Bugün sıra sigorta konusuna gelmişti ve onu yazacaktım. İslam Ticaret Hukukunun Güncel Meseleleri konulu kongrenin gerçekleşmesinde büyük emek ve himmet sahibi İslam Hukuk Profesörü Ahmet Yaman’ın bir sorusu sigorta konusunu bir yazılık erteleyerek tekrar zekat konusuna gelmeyi zorunlu kıldı.

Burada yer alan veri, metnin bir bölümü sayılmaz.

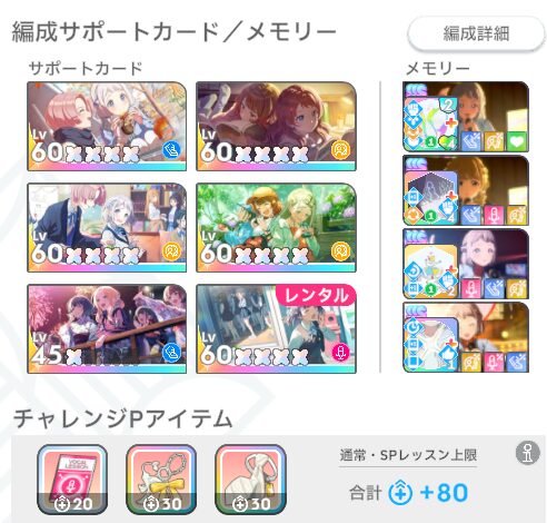 限定SSR「あなたたちのことが好き」、ダンス上昇+20、固定値で+65、メインステのレッスンは3回で+51、Mスキル強化は雑に7回として+63、合計199、好印象型だとPアイテムは噛み合っており強化回数を稼げる。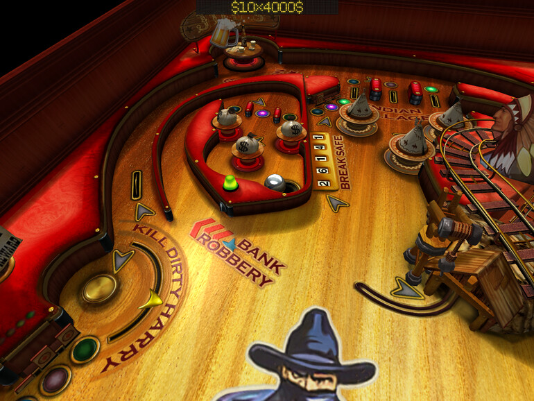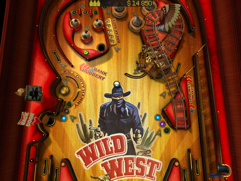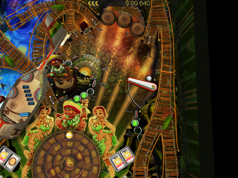 Pinball HD ist ein 3D-Flipper und vergrößert dynamisch den Bereich, in dem sich gerade die Kugel befinden. Dies kann verwirren, aber mit der C-Taste lässt sich zwischen den Kamera-Modi (Zoom oder Volldarstellung) wechseln. Wie auf dem iPad gibt es drei Tische: Wild West, The Deep und Jungle Style. Jungle Style ist von den drei Tischen der komplexeste und gleichzeitig unübersichtlichste.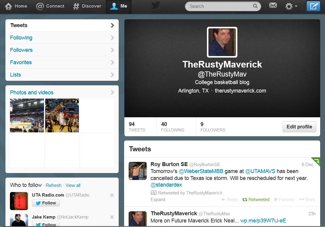 Follow Me on Twitter Published in Stuff I’ve Written for the Web | Full Size: 1079 × 753 Twitter @TheRustyMav, used primarily in conjunction with my college basketball blog, TheRustyMaverick.com. My twitter account automatically lets followers know the moment my blog has been updated. Both comments and trackbacks are currently closed. ← Previous Next →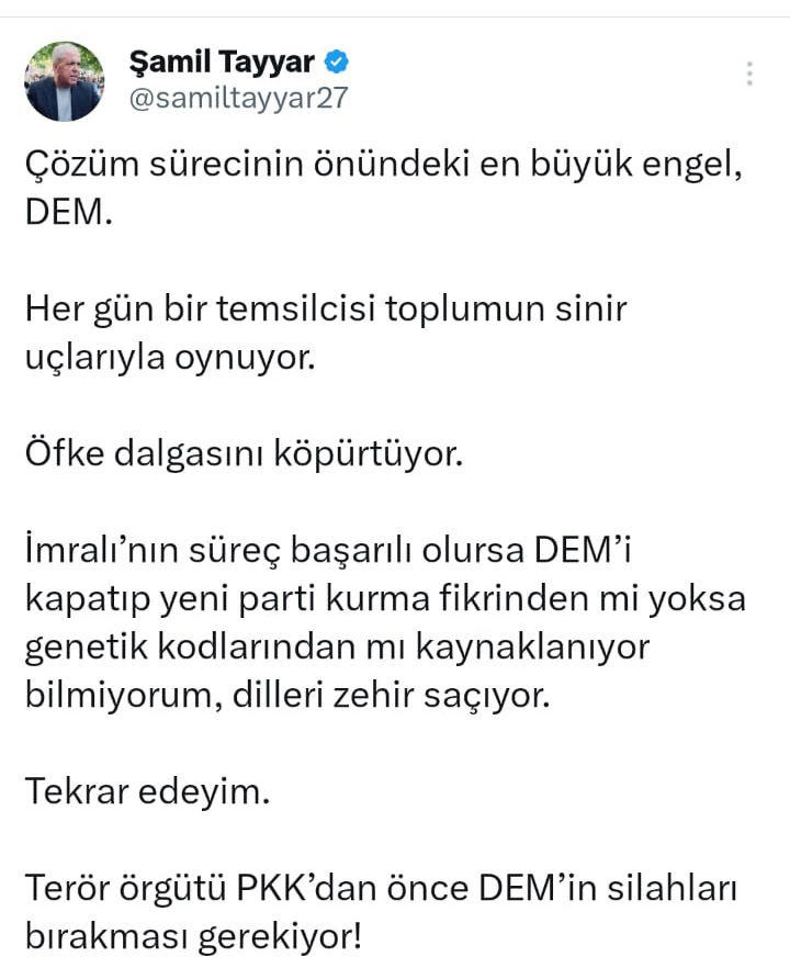 AK Parti Gaziantep eski Milletvekili Şamil Tayyar, sosyal medya hesabında, Çözüm sürecinin önündeki en büyük engel, DEM. Her gün bir temsilcisi toplumun sinir uçlarıyla oynuyor.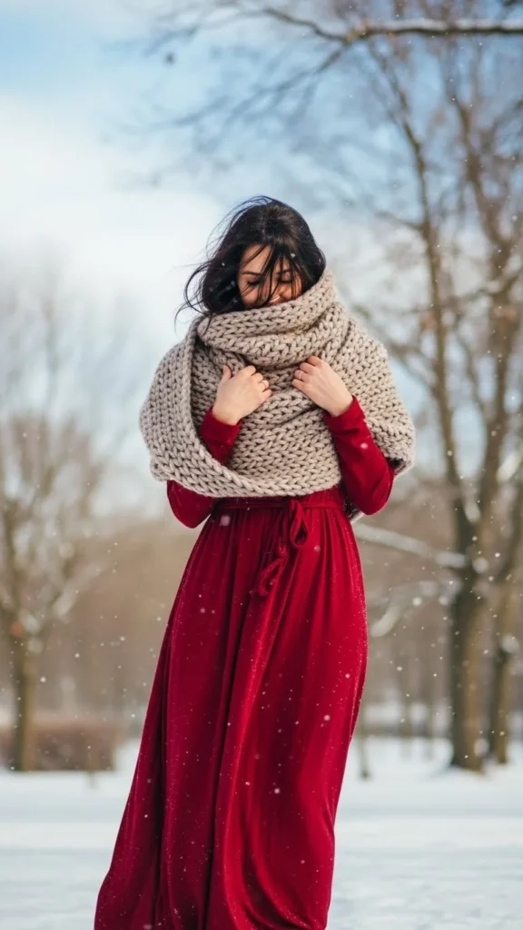 A chunky scarf can change any outfit’s vibe. Layer it over a red or green dress for warmth and charm.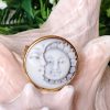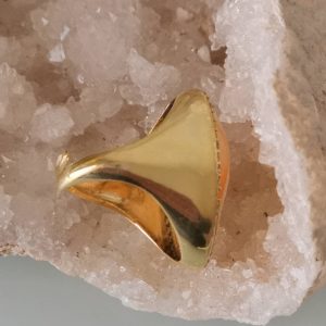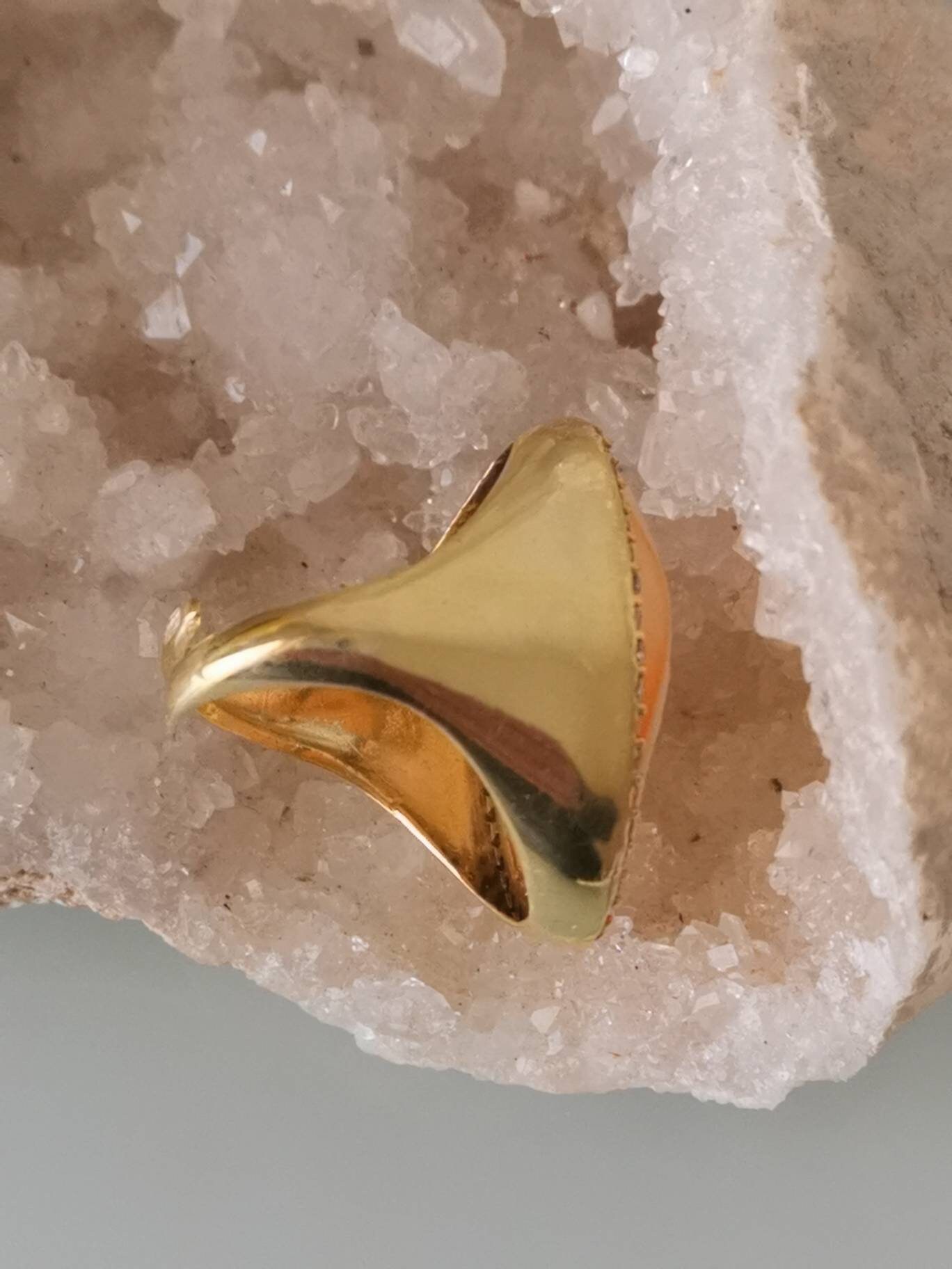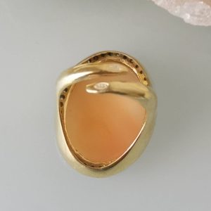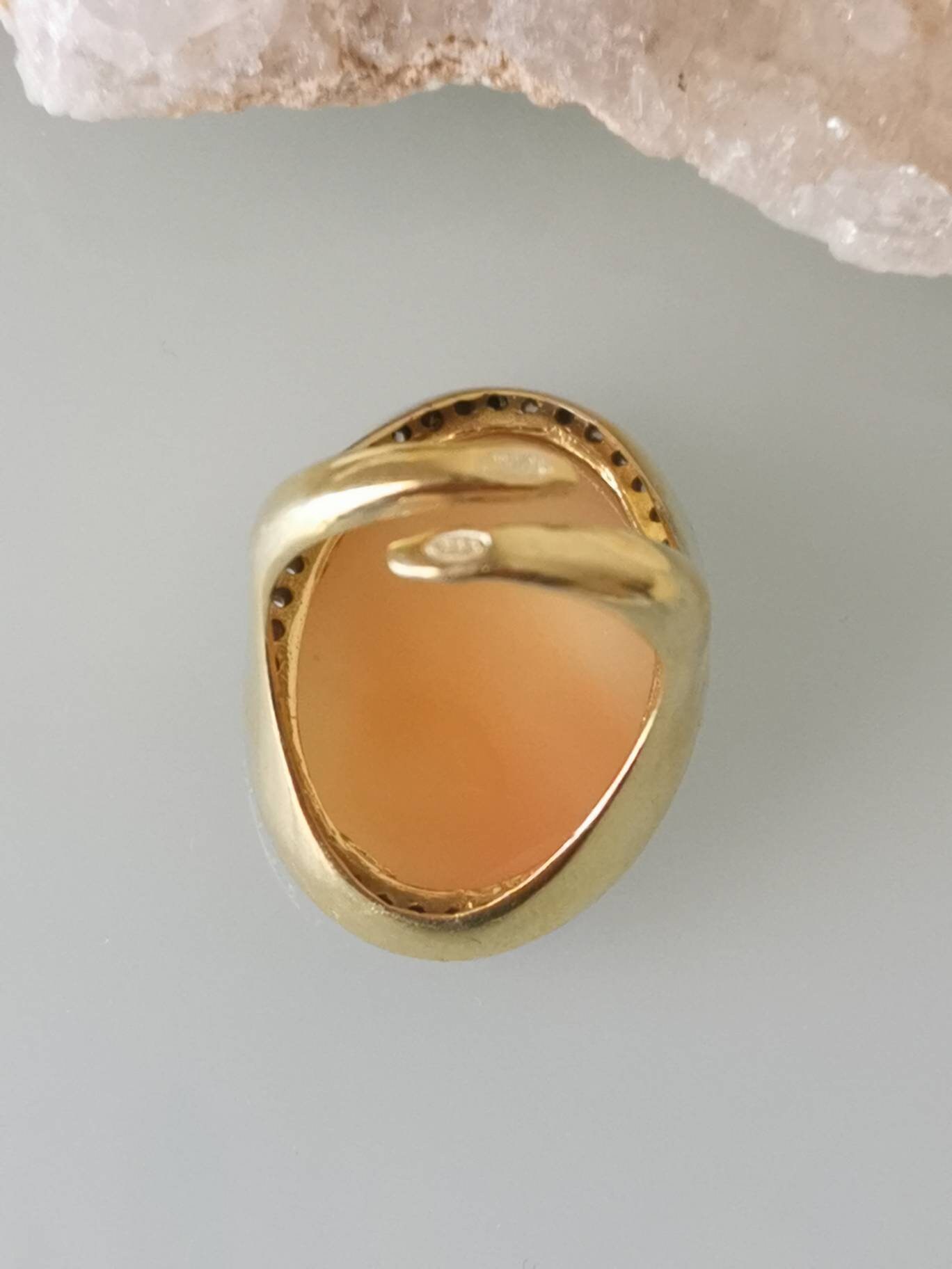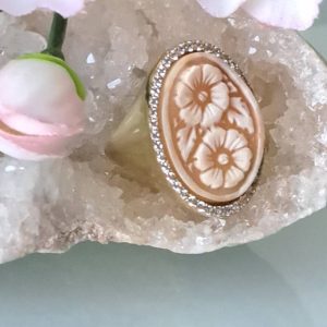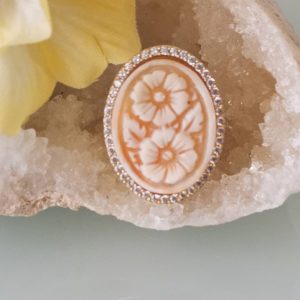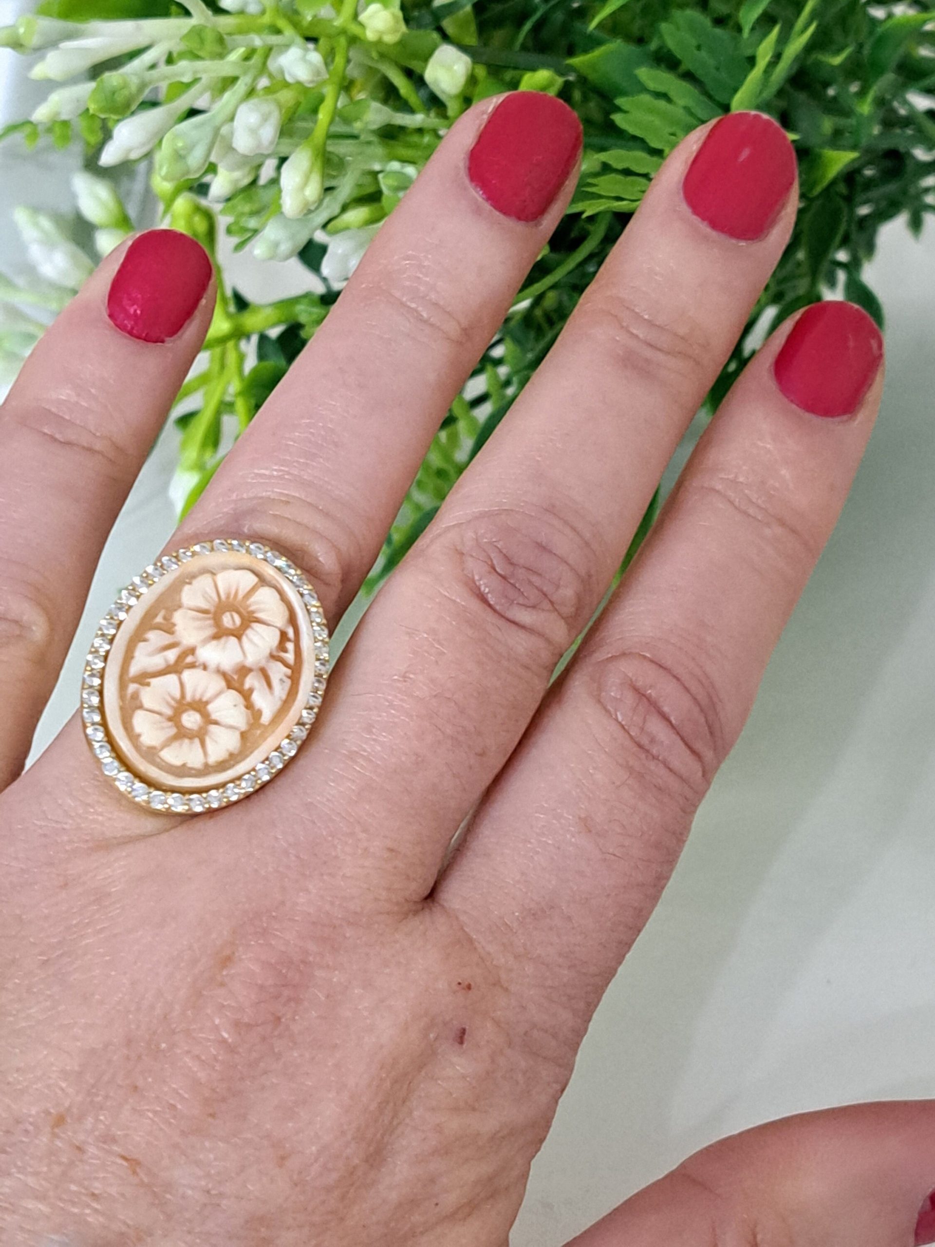 Anello artigianale maxi in argento 925 placcato oro con cornice zirconi con cammeo autentico realizzato a mano in conchiglia sardonica a Torre del greco raffigurante fiori , 29×22 cm dimensioni

Değerli ilim adamı şöyle diyor:
Kongrede zekat oturumunda müzakere edilen konulardan biri de gıda bankacılığı mevzuatı çerçevesinde yapılan bağışların zekat yerine geçip geçmeyeceğiydi. Bu bağlamda ilgili komisyon şu sonuca ulaştı:

“Gıda bankacılığı kapsamında zekât niyeti ile yapılan bağışların, zekât yerine geçmesi aşağıdaki şartlara bağlıdır:

a- Bağış kabul eden dernek ve vakıfların, “ihtiyaç ve muhtaç anlayışı” fıkıhtaki zekât/sadaka alabilecek muhtaç anlayışından farklı olmamalıdır.

b- Sistemin işleyişi devamlı kontrol edilmeli, fakirin menfaatinin öne çıktığı bir anlayışla uygulanıp uygulanmadığı denetlenmelidir.”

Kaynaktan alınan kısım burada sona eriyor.